Tysson Poots

No. 19
- Position: Wide receiver

Personal information
- Born: January 12, 1988 (age 38) Des Moines, Iowa, U.S.
- Listed height: 6 ft 2 in (1.88 m)
- Listed weight: 220 lb (100 kg)

Career information
- High school: Coronado (Henderson, Nevada)
- College: Southern Utah
- NFL draft: 2011: undrafted

Career history
- Dallas Cowboys (2011)*; Utah Blaze (2011–2012); Virginia Destroyers (2012); Arizona Rattlers (2013–2014); Las Vegas Outlaws (2015);
- * Offseason or practice squad member only

Awards and highlights
- 2× ArenaBowl champion (2013, 2014);

Career AFL statistics
- Receptions: 290
- Receiving yards: 3,365
- Receiving touchdowns: 84
- Total tackles: 48.5
- Stats at ArenaFan.com

= Tysson Poots =

American football player (born 1988)

Tysson Poots (born January 12, 1988) is an American former professional football wide receiver. He was signed by the Dallas Cowboys as an undrafted free agent.

==Early life==
Poots played high school football at Coronado High School in Henderson, Nevada. He was a two-time All-Statewide receiver. He finished his career with a total 2,014 receiving yards, 270 tackles, 19 sacks and 8 interceptions.

Poots also lettered in basketball & nominee of McDonald's All-American.

==College career==
Poots had a career total of 43 touchdowns and 3,970 yards. He was named as a Great West Conference all conference receiver in three of his four seasons with the Thunderbirds. He was a Walter Payton camp nominee. Poots was inducted into the Southern Utah Athletics Hall of Fame in 2021.

==Professional career==
Poots went undrafted in the 2011 NFL draft, Poots had a tryout with the Baltimore Ravens in late July 2011 but was not signed. He was signed by the Dallas Cowboys as an undrafted free agent on August 1, 2011. Poots was released during final cuts.

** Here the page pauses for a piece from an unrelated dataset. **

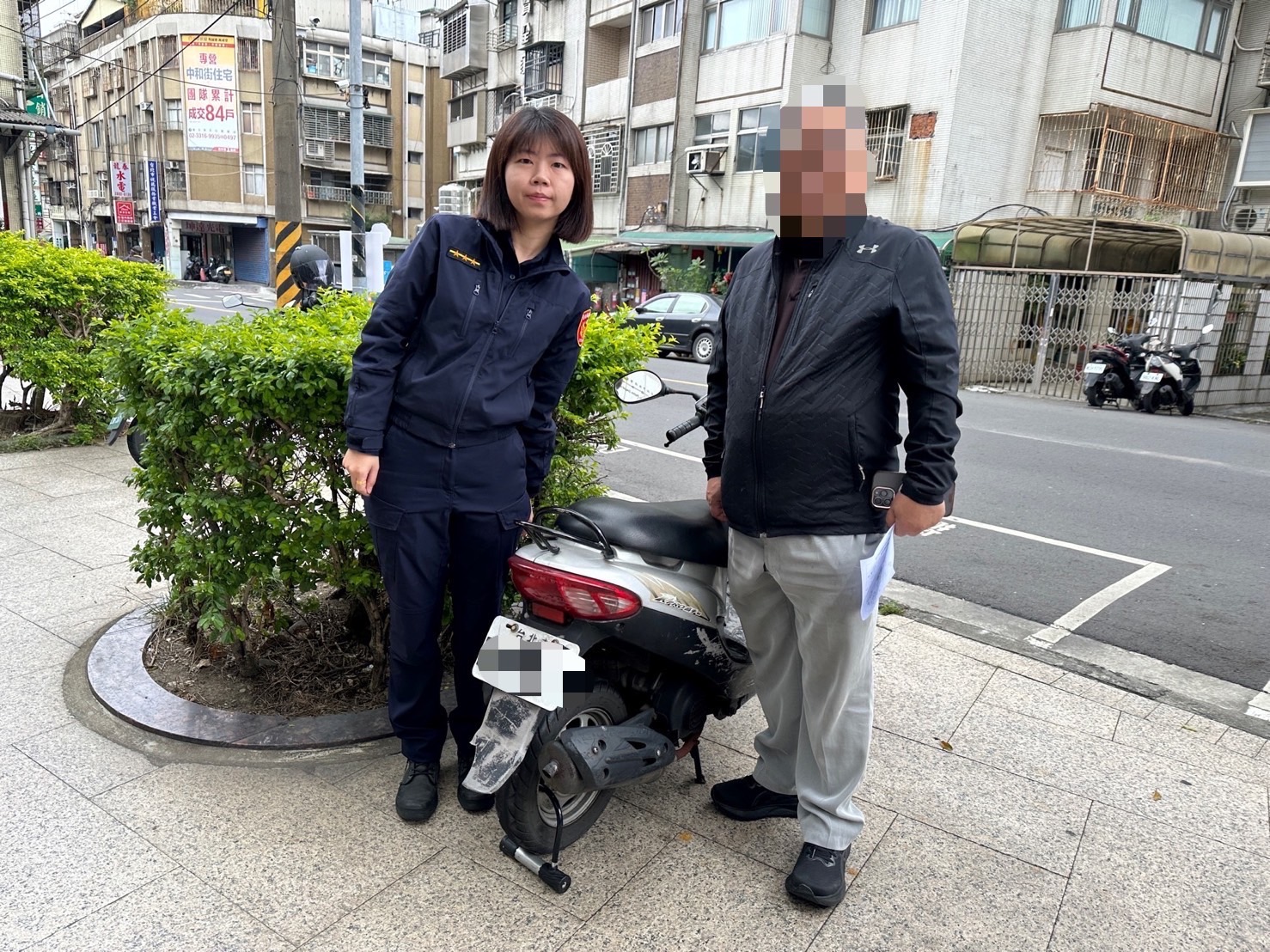 車主兒子陳姓男子稱,該機車已於去(112)年8月24日報案登記為失竊,由於母親已雙目失明、無法騎車,卻不停收到罰單通知,不勝其擾,多次返回該車最後停放處附近都找不到,方驚覺可能遭竊,故至住家(大安區)鄰近的派出所報案。林員執勤時,運用警政系統,發現路邊停放之1台普重機車顯示為失竊,並詢問附近商家有無印象見過竊用該車之人,經查該車近期已無使用跡象、停放已久,便通知陳男領回。陳男對於警方積極認真態度讚譽有加,表示接獲電話得知尋回機車時非常驚訝,原認為時隔已久、希望渺茫,沒想到能在開春就順利尋回,對於警方執勤認真之精神也相當讚許。
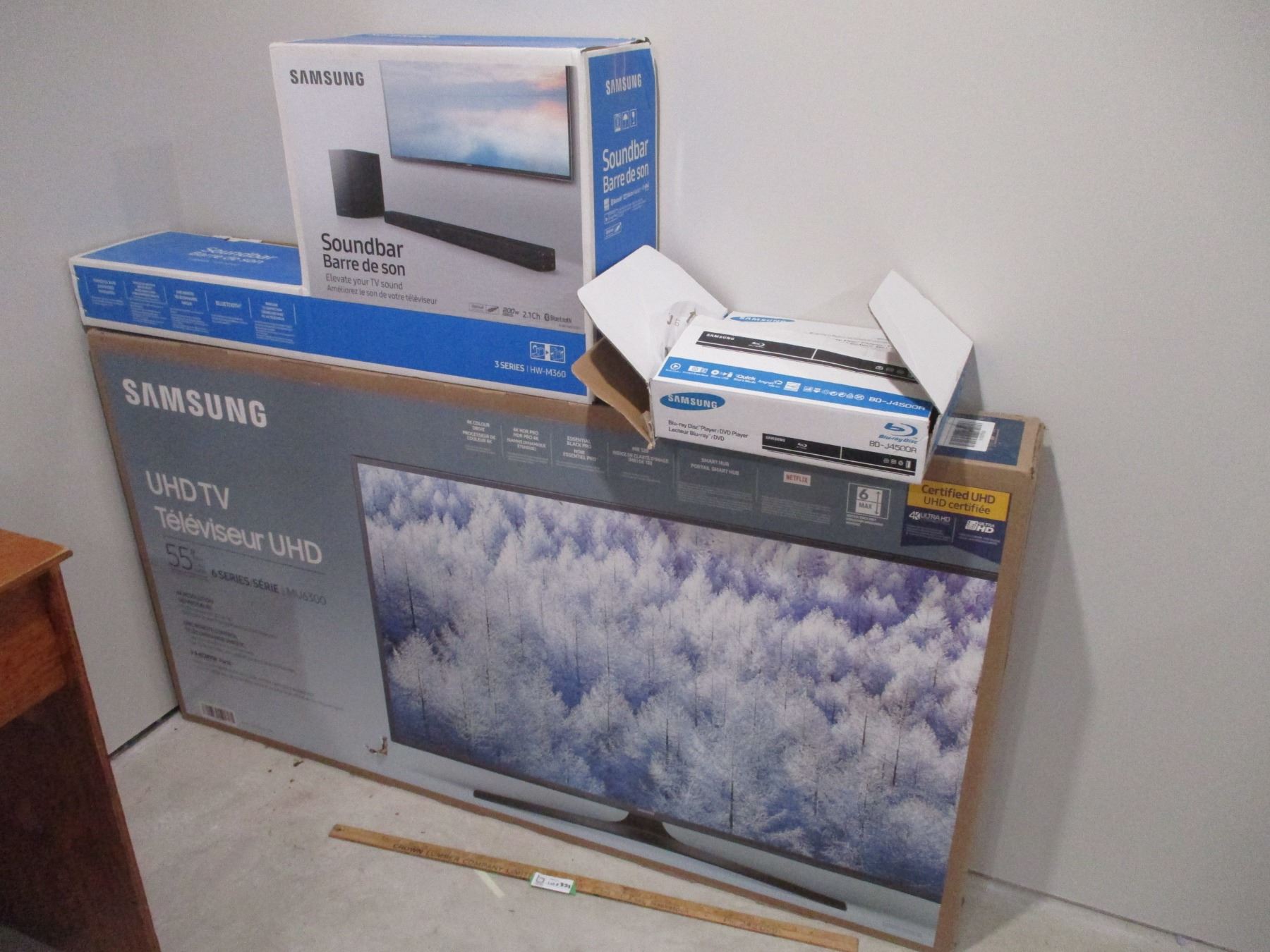 Blue Ray Disk Player with Sound Bar, Samsung 55" TV (NIB)

Poots was assigned to the Utah Blaze of the Arena Football League (AFL) on September 30, 2011.

Poots spent time with the Virginia Destroyers of the United Football League in 2012.

Poots was assigned to the Arizona Rattlers of the AFL in 2013, helping the Rattlers advance to ArenaBowl XXVI against the Philadelphia Soul. Poots had a 14-yard touchdown reception in the ArenaBowl.

On February 19, 2015, Poots was assigned to the AFL's Las Vegas Outlaws.